Exercise objective - Repeat the listing exactly. Do not carry over any pictures.

Dataset content -
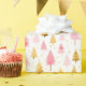 This elegant and festive wrapping paper is versatile and can be used for giving gifts or art and craft projects. It is perfect for Christmas and the holiday season. The design features watercolor pink and gold Christmas trees.
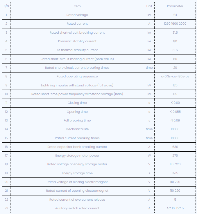 4. 실내 진공 회로 차단기는 GB1984 AC 고전압 회로 차단기 표준을 준수합니다.
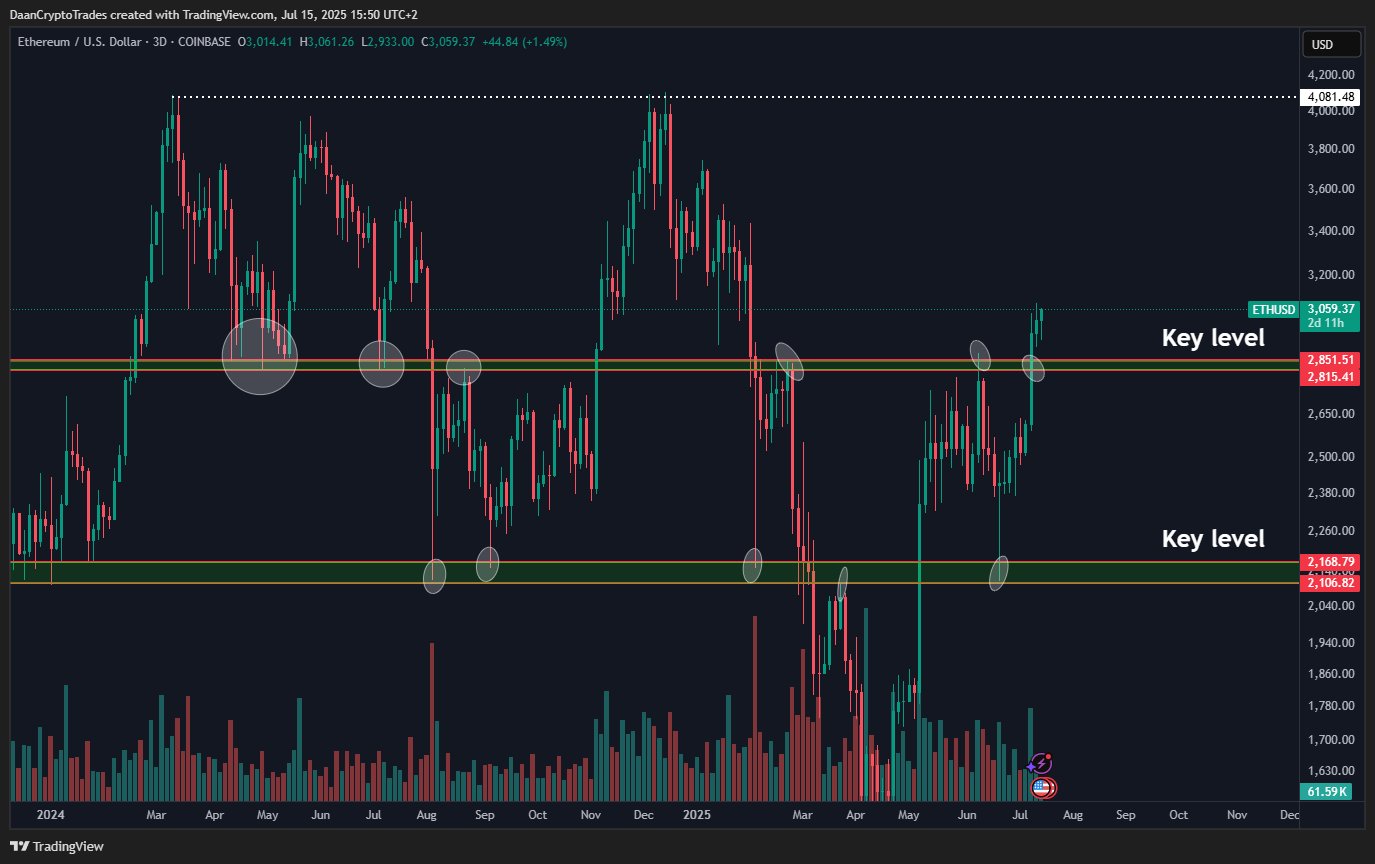 Adopting a more technical approach, analyst Daan Crypto said that the immediate target for ETH remains $4,000 after it entered the upper half of an 18-month cycle range. In an X post, the trader mentioned,

Solved exercise -
 This elegant and festive wrapping paper is versatile and can be used for giving gifts or art and craft projects. It is perfect for Christmas and the holiday season. The design features watercolor pink and gold Christmas trees.
 4. 실내 진공 회로 차단기는 GB1984 AC 고전압 회로 차단기 표준을 준수합니다.
 Adopting a more technical approach, analyst Daan Crypto said that the immediate target for ETH remains $4,000 after it entered the upper half of an 18-month cycle range. In an X post, the trader mentioned,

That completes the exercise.